The “strategic alliance” would see Geneva-based SGS provide assurance services for companies that put their ESG data onto Diginex’s platform.

Pioneering Mission

The aim of the partnership, explained Diginex Head of ESG Jessica Camus, is to provide the very assurance that would make auditors’s work easier. That made the alliance “pioneering”, Camus told ESG Insight.

“There’s been a lot of talk around greenwashing and not having clear defined standards and harmonised, consistent reporting frameworks, but there’s been very little-to-no action when it comes to data verification,” Camus said. “We know that there are a lot of accounting firms scratching their heads and trying to figure out how to operate with their clients.

“That’s what we want to offer with this combined verification service.”

Founded in 2017, Hong Kong- and UK-based Diginex focuses on small-to-mid-cap companies, enabling them to centralise their ESG data on its SaaS-based platform. Through a guided process, clients are shown what disclosure data is relevant to their them and to the most applicable reporting framework.

Clients can then opt to have their data checked by SGS, which will earn them an audit issuer assurance certificate that can be attached to their annual reports as assurance of the security and veracity of their data. They can also choose to store their activity records on a blockchain, adding another layer of security.

Deepest Pockets

Camus characterises Diginex breaking down an ESG reporting set-up that she says has priced SMEs out of the market. With rates starting at $99 per month for a single user, Camus says small companies can access the sort of data management and ESG reporting capabilities that have so far been accessible only by large, mostly listed, corporations.

“We’ve seen with digital products and with assurance services, and very much the whole ESG sphere, that is has been geared towards the guys with the deepest pockets,” she said. “That’s what we want to disrupt with our technical solutions.”

It’s a message that has impressed investors. Fitch Ventures, Fitch Group’s investment arm, last year led a $6 million funding round that took total backing to $8m. Camus said the SGS tie-up was expected to bring rich benefits to both companies and that they hadn’t ruled out a closer financial partnership in the future.

“Until then, it’s a strategic alliance with the broader objective of making independent verification a new standard in ESG, and indeed ESG reporting,” she said.

Filling Gaps

For many clients, signing up to Diginex will be their first involvement in ESG data gathering. Regulations in the process of being rolled out make no demands on smaller companies to make such declarations.

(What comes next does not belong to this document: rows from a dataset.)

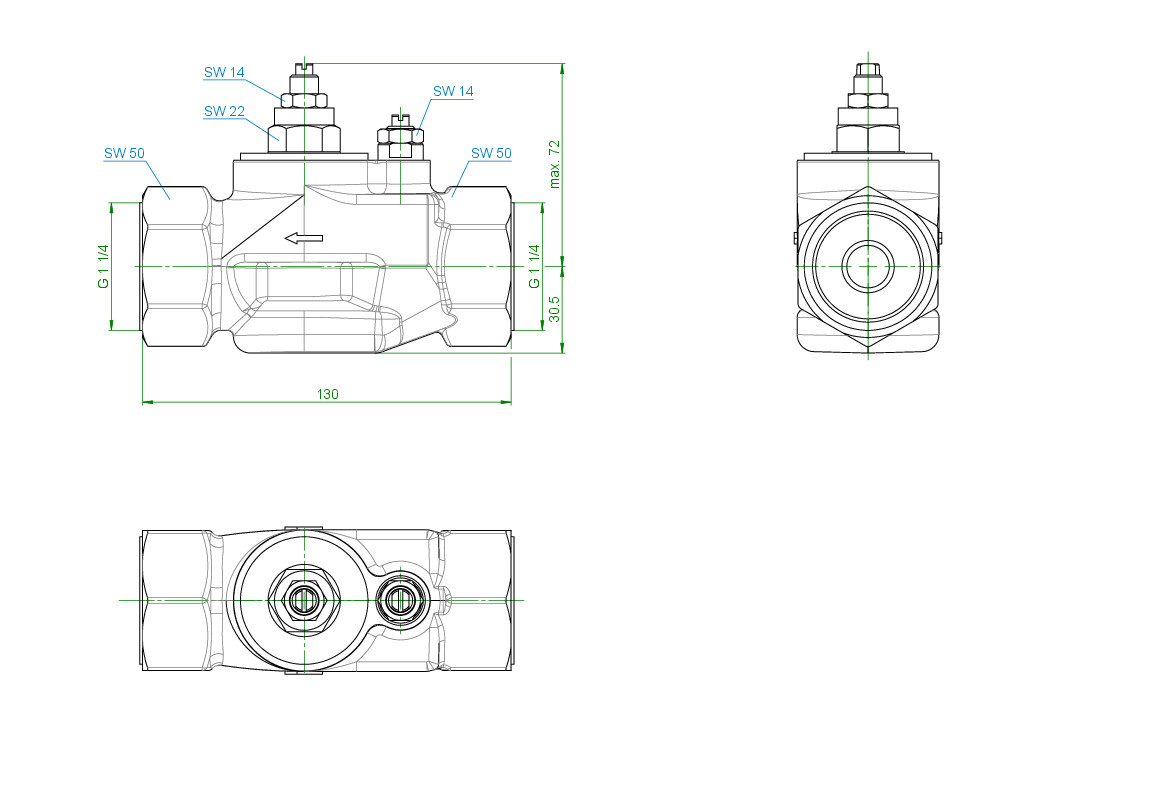 Oventrop Verschneidearmatur DN 32, G 1 1/4, Kopfstück Messing, Gehäuse Rotguss
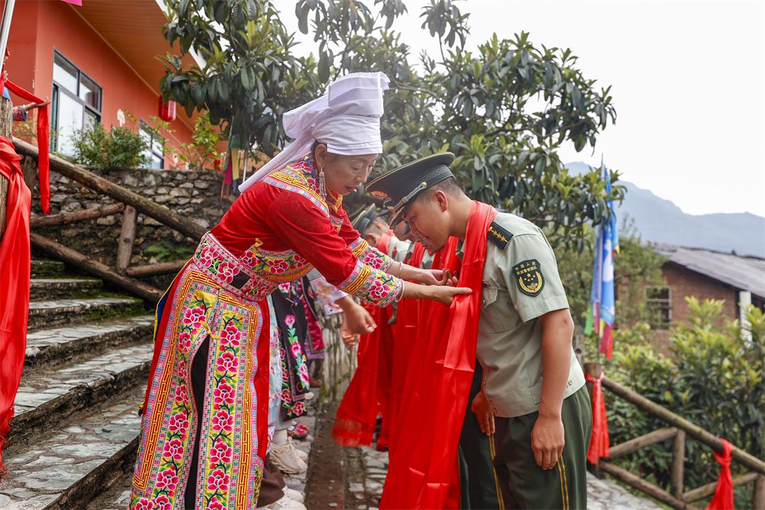 圖為北川羌族人民為武警官兵獻(xiàn)上羌紅。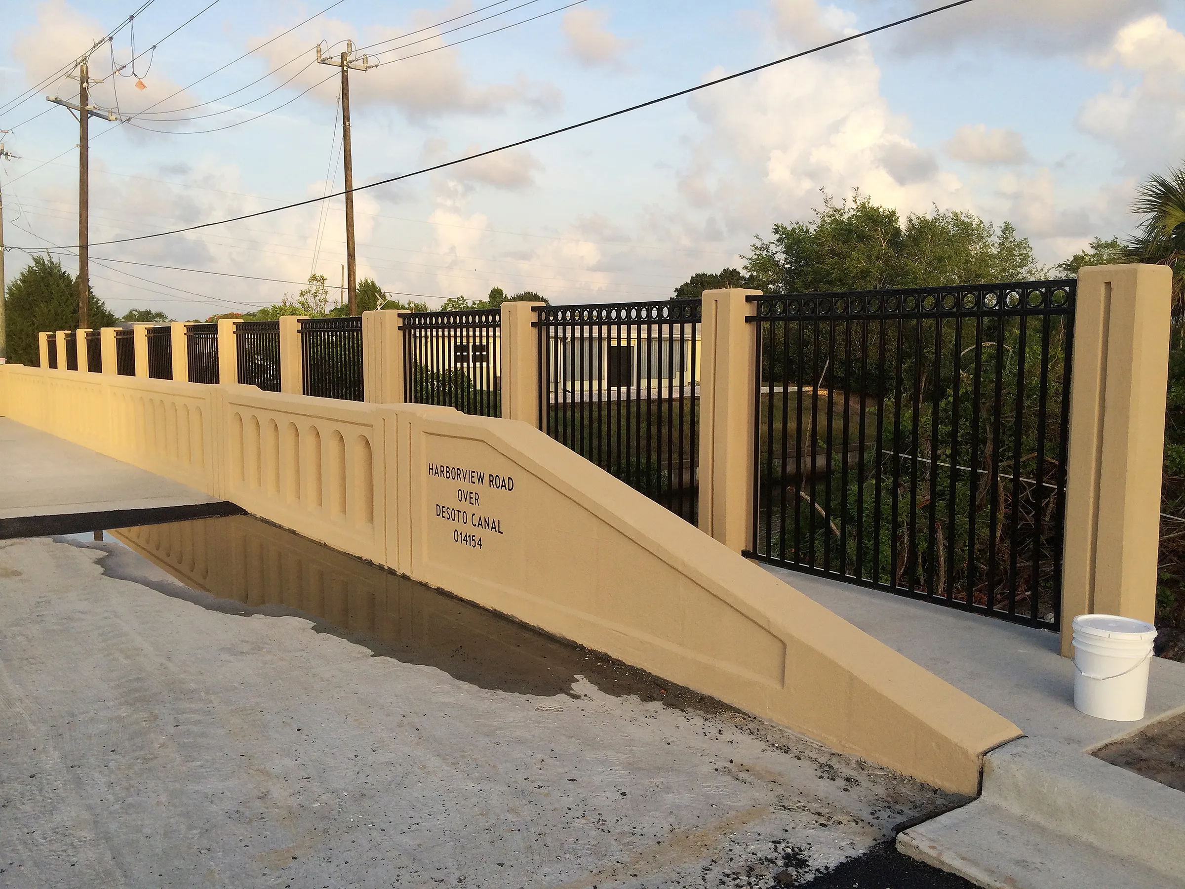 The project replaced bridge structure 014017 at the Desoto Canal with a precast concrete deck bridge and a temporary bridge with related structures with a school zone and church zone in the area. Construction included maintenance of traffic, erosion control, clearing and grubbing and excavation and embankment stabilizing. The roadwork included mill & overlay, concrete driveway and sidewalk reconstruction and drainage. Structure foundations, structural steel & bridge deck joints along with concrete curb and gutter. Special traffic barriers and a pedestrian railing installed for local school children and other pedestrians. Pull & junction boxes, highway signs, reflective signage & pavement markers were also installed.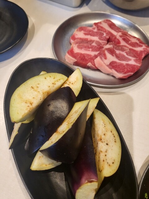 最初にお肉や野菜の盛り合わせとおにぎり(しゃり)が運ばれてきます。お肉も野菜も、これでもか!て感じの山盛りで、テンションがあがります。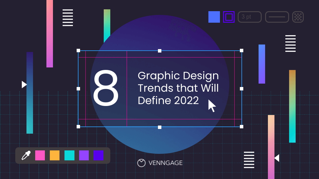 이 멋지고 훌륭한 인포그래픽은 그래픽 디자이너가 깊이 빠져들 수 있는 영감으로 가득 차 있습니다. 세리프 글꼴에서 포괄적인 시각 효과에 이르기까지 Venngage는 2022년의 8가지 그래픽 디자인 트렌드를 예측하고 아래 인포그래픽에 모두 담았습니다.
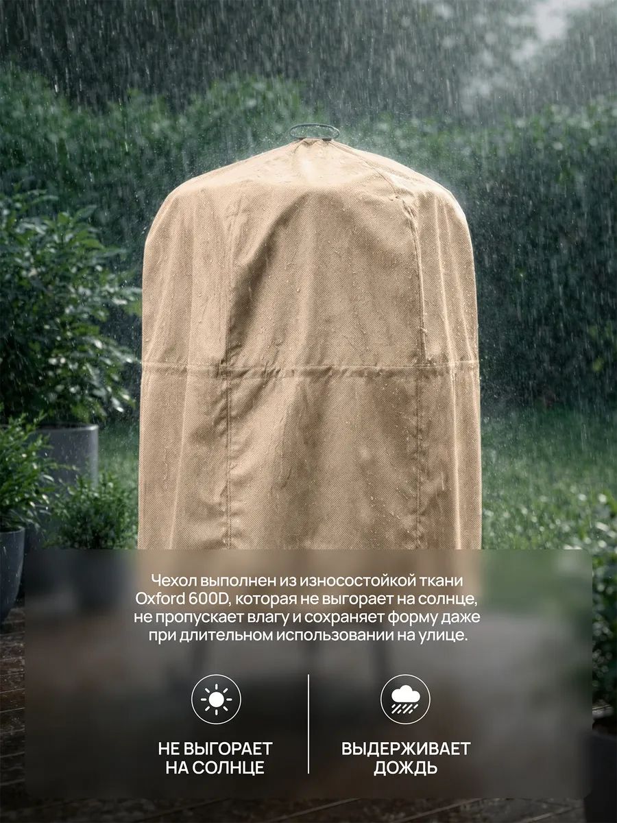 Чехол изготовлен из прочной ткани Oxford 600D которая не выгорает на солнце и сохраняет форму при длительном использовании на улице. Ткань Oxford водостойкая, она покрыта полиуретаном (PU), что делает её ветро- и водостойкой. Чехол защищает оборудование в любую погоду: от сильного дождя, снега, ветра и палящего солнца. Плотный чехол для тандыра сохраняет внешний вид и функциональность печи на долгие годы.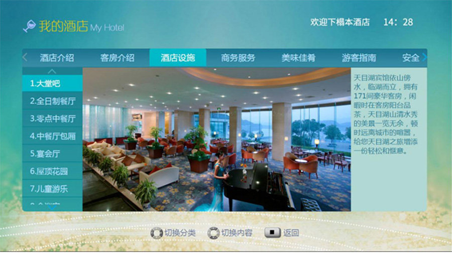 酒店通过多媒体系统向客人全方位展示酒店大堂、客房会议室、商务中心、运动吧、行政酒廊等内容。
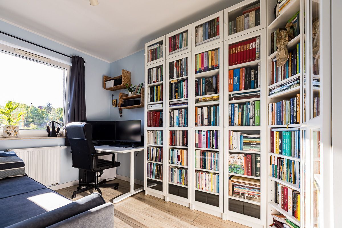 Mieszkanie bardzo słoneczne i ciepłe, o dwustronnej, południowo- wschodniej ekspozycji z dużą ilością światła dziennego. Nieruchomość o funkcjonalnym układzie pomieszczeń, wykończona w przemyślany sposób, w celu maksymalnego wykorzystania przestrzeni. Zabudowy meblowe wykonane pod wymiar idealnie wpasowane są we wnętrze. Kameralny salon z wkomponowaną kanapą stanowi doskonała przestrzeń do wypoczynku. Z pokoju wychodzimy na słoneczny balkon, miejsce w sam raz do wypicia porannej kawy. W aneksie kuchennym znajduje się wysokiej klasy sprzęt AGD. W łazience mieści się duża, przeszklona wanna a całość wykończona jest w korespondującym ze sobą stylem.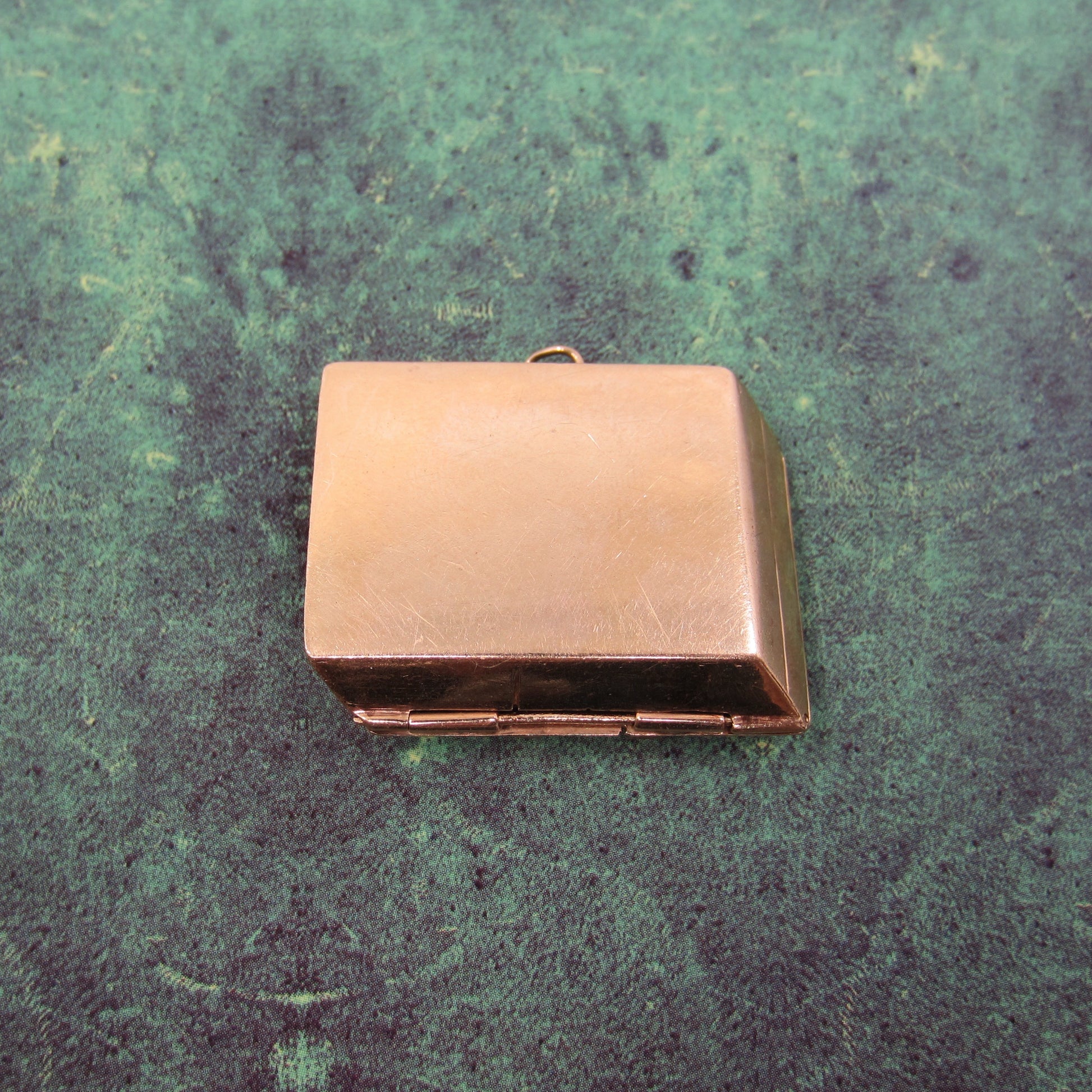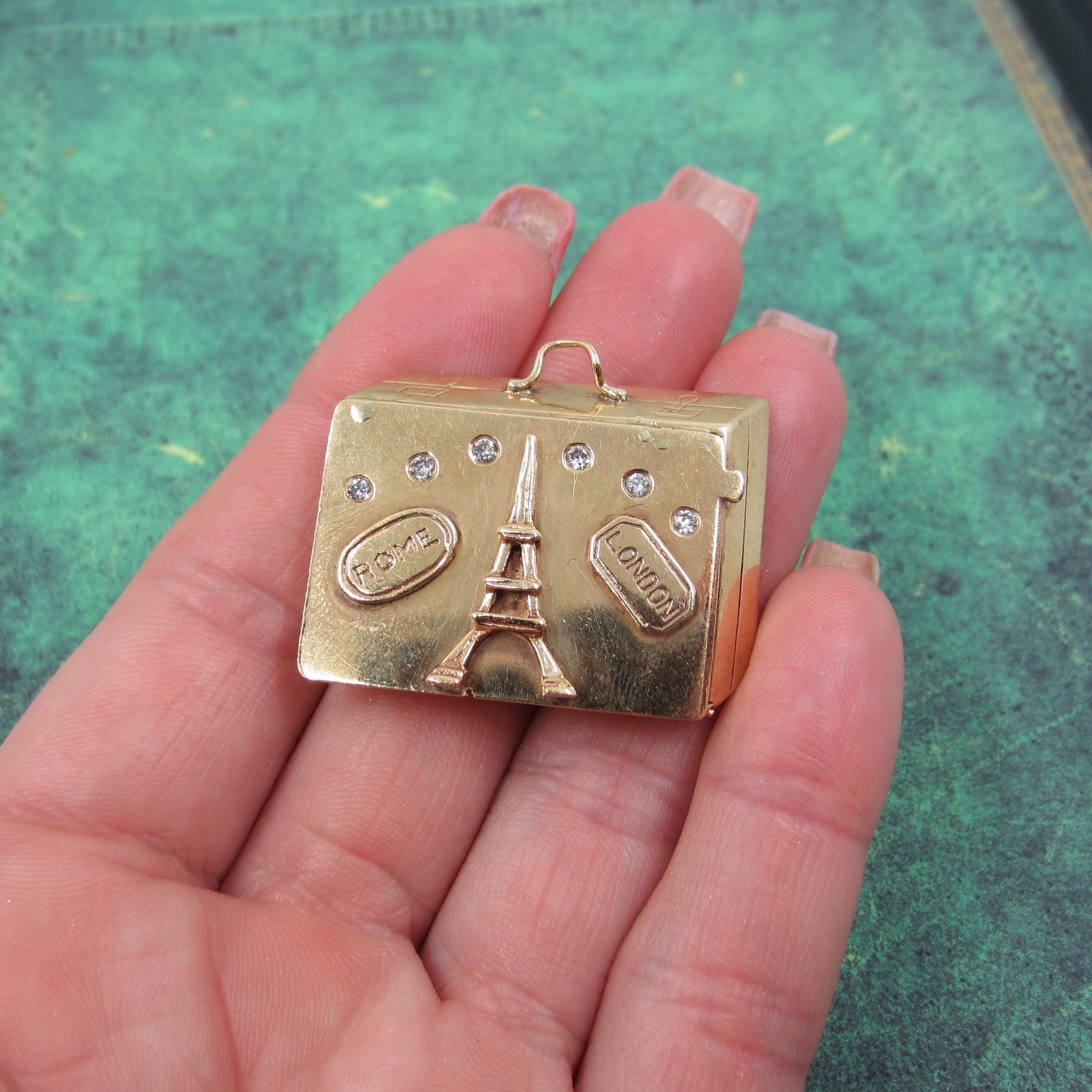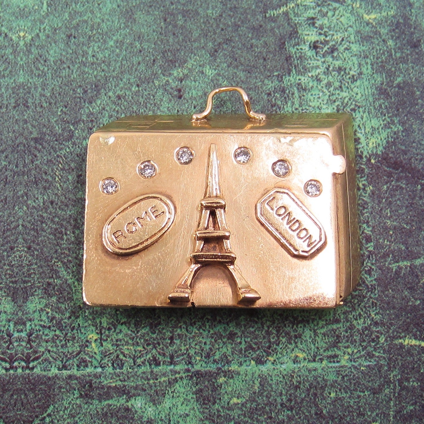 There are a lot of people eyeing this vintage charm at the store--better snap her up quick if you're a collector because you won't be seeing this one again! Fashioned as a jet-setter's suitcase, this large charm is made in 14k yellow/rose gold and set with six sparkling diamonds flanking the Eiffel Tower! Stamps for Rome and London, a tiny little handle and engraved latches make this a sweetheart of a piece. There is a hinge so originally this piece did open, but it has since been soldered shut and there is something rattling about inside. My jeweler will not open it so I leave it up to the new owner as to whether they want to have it opened and find out what is inside!

But Diginex expects the space to grow as regulators begin requiring financial institutions to report their so-called invested, or Scope Three, emissions. Those are the greenhouse gas and carbon data of the companies in which firms invest or from which they buy services.

Consequently, Diginex is training its energies on luring supply-chains companies, Camus said; they are the businesses coming under the most recent pressure.

“A lot of the SMEs that are reaching out to us are saying that 12 months ago investors were asking about their balance sheets and now they’re suddenly being asked by the same investors what their carbon footprints are,” she said.

Camus said Diginex sees its alliance with SGS as providing another means of filling gaps in the ESG data record that has led to claims of greenwashing.

“The certification element of just having trust and visibility over the data has become really critical,” she said. “Before it was just screening – it was about stock picking and screening. Now it’s all about engaging.”